I didn't know everything then, back in fourth grade. I don't know everything now. I didn't want to know everything then, only the things that gave me life, the things that took my fantasies to new heights. We raced through the forest, Valacar and I; we leapt through great meadows of tall, brown grasses; we scaled the highest mountains to find the most sacred places, the places that few ever reach. It was there we worshiped: creator and creation, together, as one, kneeling in the temples of aged monks, of devout believers in a religion of mountains, a religion that knows no limiting-yet-still-high-but-safe heights. Valacar showed me places I never could possibly dream of on my own. I was the apprentice, the student, the grasshopper. He was the master, the doctor, the sensei. 

He was my guide, and I followed blindly after him.

Still, I was a fool; still, I knew things no other boy could possibly know. My mind was opened wide. I engineered strange games on the playground, at recess. We played, friends and enemies, wise men and fools. We gave and we gave. We gave. We gave. We gave.

Nathan, my friend, a man—a boy—of nature, called out across the grounds, "Jack! Hey Jack! I got an idea for a game!" Inspired, he raced over. Had it been his idea? Had it come from his own mind? Had I not committed the crime of inception? giving him the idea through my games, my means of inspiration. 

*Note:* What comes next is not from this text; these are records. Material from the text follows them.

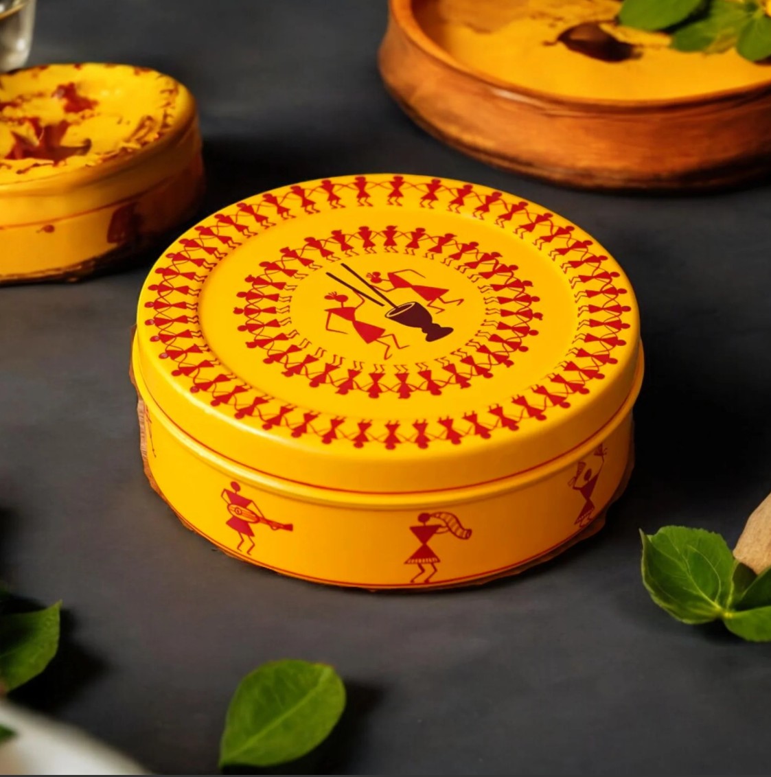 The snug-fitting lid helps preserve freshness and aroma, while the vibrant hand-painted folk art motifs in contrasting colors stand out against the cheerful yellow base. This spice box adds a lively, cultural touch to your kitchen décor and makes a thoughtful gift for cooking enthusiasts who appreciate handcrafted design.
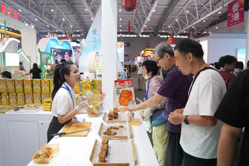 惠州館內(nèi),游客在郭師傅月餅展位前駐足品嘗;葜萑請笥浾吡_劍業(yè) 攝
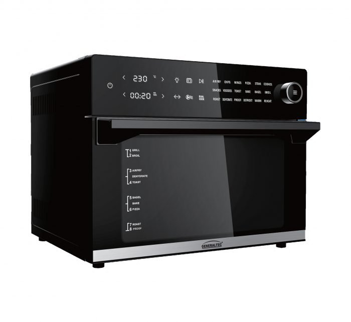 يبدو أن المقلاة الهوائية GKA40AF من جينيرالتك GKA40AF ذات سعة 30 لترًا ونافذة مرئية ووظيفة الطهي المزدوج الخاصة تبدو وكأنها جهاز مطبخ متعدد الاستخدامات للغاية. يبدو أنه مصمم للأشخاص الذين يحتاجون إلى سعة طهي أكبر إلى جانب المرونة في الجمع بين تقنيات الطهي المختلفة للحصول على أفضل النتائج. إليك تفاصيل ما يمكنك توقعه من هذا الطراز:
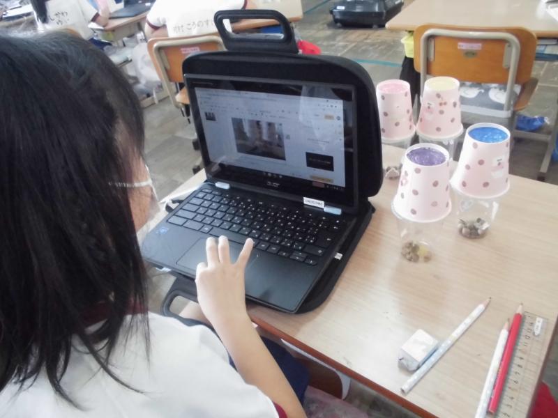 1年生生活科「おもちゃをつくろう」では、秋の自然物を利用した手作りおもちゃの発表会を行いました。ドングリを使った楽器、枝の釣り竿など、工夫した作品がたくさんできました。子どもたちは自分の作品を写真に撮り、学級全体の電子黒板に掲示しました。電子黒板に表示し工夫したことや使い方などの発表を行いました。

"What if we were wizards? Knights? Lords? Warriors? The woods are right there, and I've got these!" He shot out his hand. In it lay hundreds of tiny gold pieces—broken glass and plastic that glistened with the sun. I still have my bag of gold and my gems.

"The teachers won't like that, if we go in the woods," whined Z. Amos Claytor, degree in heresy by the fourth grade. Always on the up, always had the best answer for everything. A real wise man.
But I was a fool, a Feste, a Touchstone.

We went into the woods to live, to drink of the drink of Thoreau. We drank the marrow from the bones of the trees, we sipped the blood of Pharisees, the wise men, the Z. Amos Claytors of our dark age.We reveled in our games in our worlds unknown, where possibility was foreign to our lips. We knew no bounds; no mighty hand of some wise man could keep us from venturing into the woods.

We went into the woods because we wanted to live and live so deeply that from the depths of our souls we could look up and not see the surface. We were fools, and no life-killing, peace-mongering Z. Amos Claytor—great wise man of our time—could make us wise.

There was war in our souls. There was war for our souls. We heard the wise men preach their peace to us on the playground, heard the crusty doctrinaire proclaim his testament was the true testament and every other was false. I preferred the sermons of the kickball, the teachings of the ants, the hymns of the jay: sweet saccharine honey of nature's marrow, of the life that we drank daily. We were fools. I was a fool, a Feste singing his songs of the wind and rain.